» **Try it**:
Copy out each entry below verbatim, skipping the images.

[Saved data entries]
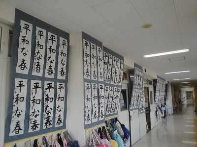 国語の時間に、全校で「書き初め」に取り組みました。1・2年生は硬筆(写真左)、3年生からは毛筆(写真中央)です。例年は、3学期の学校公開期間に合わせて展示をしていましたが、コロナ禍にある今年度は、児童が相互に鑑賞し合う形式での「校内書き初め展」としています。昨日も、1年生が、2年生から6年生までの作品を見て、文字の大きさや美しさに驚きの声を漏らしていました。1年生から6年の作品(写真右)を順々に見ていくと、子どもたちの確実な成長を見ることができます。小学校という6年間の学校生活の中で、子どもたちができることが増え、できばえも変化していくことを実感します。保護者の皆さまにご覧いただけないことが残念ですが、本校では、別途、ご案内のとおり、2月中旬からの学校公開を予定しています。今後、新型コロナウイルス感染症の感染拡大の状況を注視して、状況に応じた実施方法を検討して行きたいと思っています。
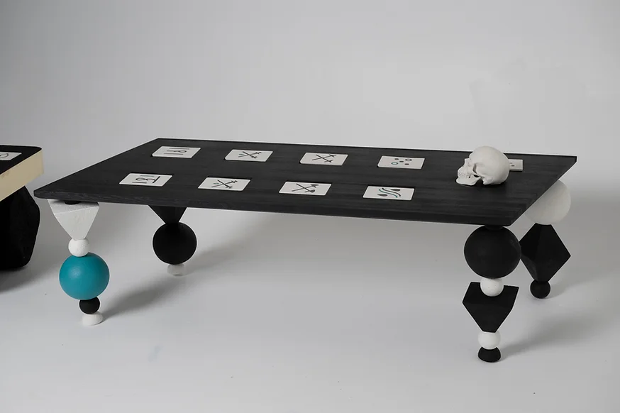 Одним из российских участников ярмарки -Omelchenko Gallery-представлены работы российской художницы Mojjoker. Она переосмыслила образы и истории героев трагедии “Гамлет” и представила их в виде арт-инсталляции, которая состоит из двух столов и серии картин. Работающая под псевдонимом Mojjoker Екатерина Доронина выбрала жанр mixed media: она не просто придумала арт-объекты, а рассказывает с их помощью истории и вовлекает зрителей в интерактивную игру. Екатерина проанализировала знаменитую шекспировскую пьесу и вывела на первый план Йорика — череп, найденный Гамлетом на кладбище, а вокруг него “собрала” всех остальных героев. “С помощью новых форм, текста, а также используя современные техники и нетрадиционные материалы, у Екатерины получается раскрыть тему смерти с иронией и надеждой на будущее”, — считает Анастасия Омельченко, основательница Omelchenko Gallery, куратор и художник.
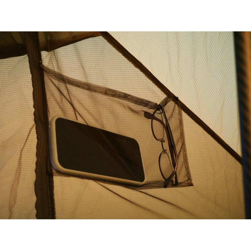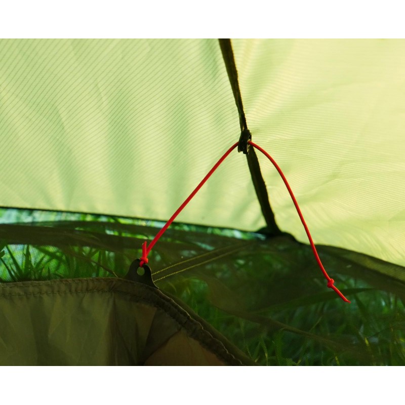 Une des spécificité de cette tente est l'absence de fermeture éclair sur la toile extérieure : celle-ci a été remplacée par la superposition de deux pans de toile munis de clips pour une ouverture facilitée. On gagne ainsi en poids, mais aussi en résistance et en durabilité. Une version avec fermeture éclair est également disponible en option.
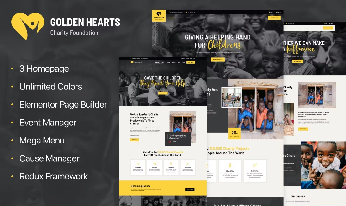 金心是一个富有创意且本质上灵活的主题,旨在为与非政府组织、慈善活动、活动相关的各种项目打造一个坚实且受人尊敬的在线平台。以此主题以专业的方式传播对某项事业的认识,并在今天普及您的组织。
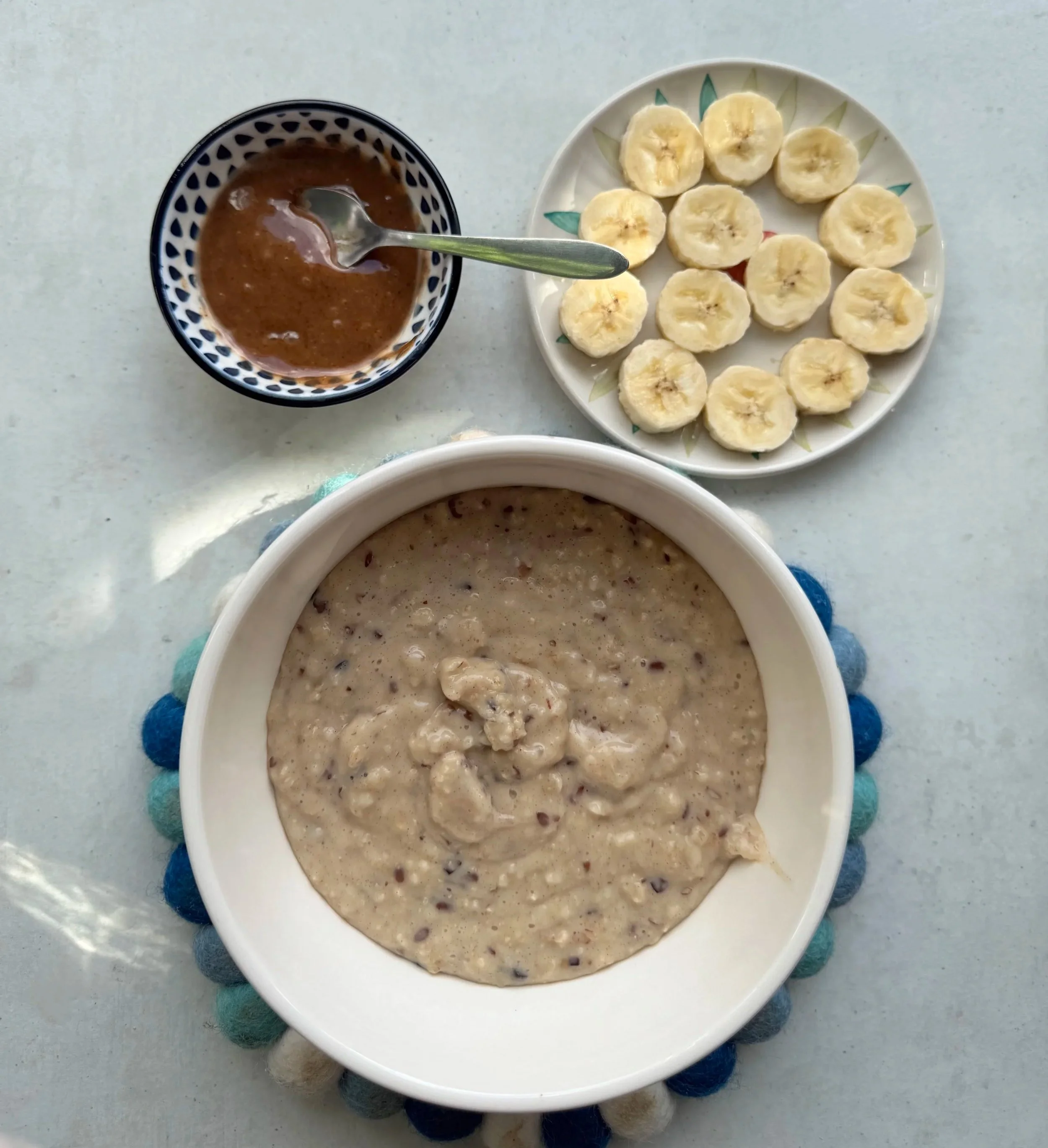 You can of course add all of the toppings on all at once, however, I like to serve along side and as I’m eating add pieces of banana and dollops of sauce on top. In that way, I get to enjoy the various flavours in every bite, right to the very end of my bowl of porridge!!
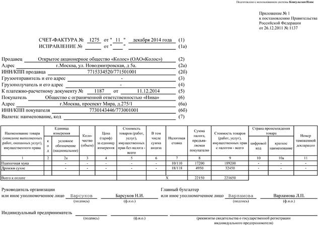 Внимание! Электронный вариант документа действителен, только если передается по электронным каналам связи с использованием квалифицированной цифровой подписи. Счет-фактура содержит следующие реквизиты:. Счет-фактура содержит следующие реквизиты:
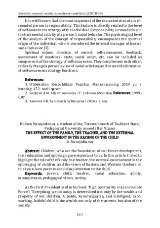 Одним из основных направлений государственной политики по защите прав ребенка согласно статье-43, Закона Республики Узбекистан «О гарантиях прав ребёнка», является содействие физическому, интеллектуальному, духовному и нравственному развитию детей. [ 1] В воспитании гармонично развитого ребёнка семья играет решающую роль. Это говорит о том, что в значительной степени именно от института семьи зависит и наше будущее, так как оно в руках подрастающего поколения.

» **Answer box**:
 国語の時間に、全校で「書き初め」に取り組みました。1・2年生は硬筆(写真左)、3年生からは毛筆(写真中央)です。例年は、3学期の学校公開期間に合わせて展示をしていましたが、コロナ禍にある今年度は、児童が相互に鑑賞し合う形式での「校内書き初め展」としています。昨日も、1年生が、2年生から6年生までの作品を見て、文字の大きさや美しさに驚きの声を漏らしていました。1年生から6年の作品(写真右)を順々に見ていくと、子どもたちの確実な成長を見ることができます。小学校という6年間の学校生活の中で、子どもたちができることが増え、できばえも変化していくことを実感します。保護者の皆さまにご覧いただけないことが残念ですが、本校では、別途、ご案内のとおり、2月中旬からの学校公開を予定しています。今後、新型コロナウイルス感染症の感染拡大の状況を注視して、状況に応じた実施方法を検討して行きたいと思っています。
 Одним из российских участников ярмарки -Omelchenko Gallery-представлены работы российской художницы Mojjoker. Она переосмыслила образы и истории героев трагедии “Гамлет” и представила их в виде арт-инсталляции, которая состоит из двух столов и серии картин. Работающая под псевдонимом Mojjoker Екатерина Доронина выбрала жанр mixed media: она не просто придумала арт-объекты, а рассказывает с их помощью истории и вовлекает зрителей в интерактивную игру. Екатерина проанализировала знаменитую шекспировскую пьесу и вывела на первый план Йорика — череп, найденный Гамлетом на кладбище, а вокруг него “собрала” всех остальных героев. “С помощью новых форм, текста, а также используя современные техники и нетрадиционные материалы, у Екатерины получается раскрыть тему смерти с иронией и надеждой на будущее”, — считает Анастасия Омельченко, основательница Omelchenko Gallery, куратор и художник.
 Une des spécificité de cette tente est l'absence de fermeture éclair sur la toile extérieure : celle-ci a été remplacée par la superposition de deux pans de toile munis de clips pour une ouverture facilitée. On gagne ainsi en poids, mais aussi en résistance et en durabilité. Une version avec fermeture éclair est également disponible en option.
 金心是一个富有创意且本质上灵活的主题,旨在为与非政府组织、慈善活动、活动相关的各种项目打造一个坚实且受人尊敬的在线平台。以此主题以专业的方式传播对某项事业的认识,并在今天普及您的组织。
 You can of course add all of the toppings on all at once, however, I like to serve along side and as I’m eating add pieces of banana and dollops of sauce on top. In that way, I get to enjoy the various flavours in every bite, right to the very end of my bowl of porridge!!
 Внимание! Электронный вариант документа действителен, только если передается по электронным каналам связи с использованием квалифицированной цифровой подписи. Счет-фактура содержит следующие реквизиты:. Счет-фактура содержит следующие реквизиты:
 Одним из основных направлений государственной политики по защите прав ребенка согласно статье-43, Закона Республики Узбекистан «О гарантиях прав ребёнка», является содействие физическому, интеллектуальному, духовному и нравственному развитию детей. [ 1] В воспитании гармонично развитого ребёнка семья играет решающую роль. Это говорит о том, что в значительной степени именно от института семьи зависит и наше будущее, так как оно в руках подрастающего поколения.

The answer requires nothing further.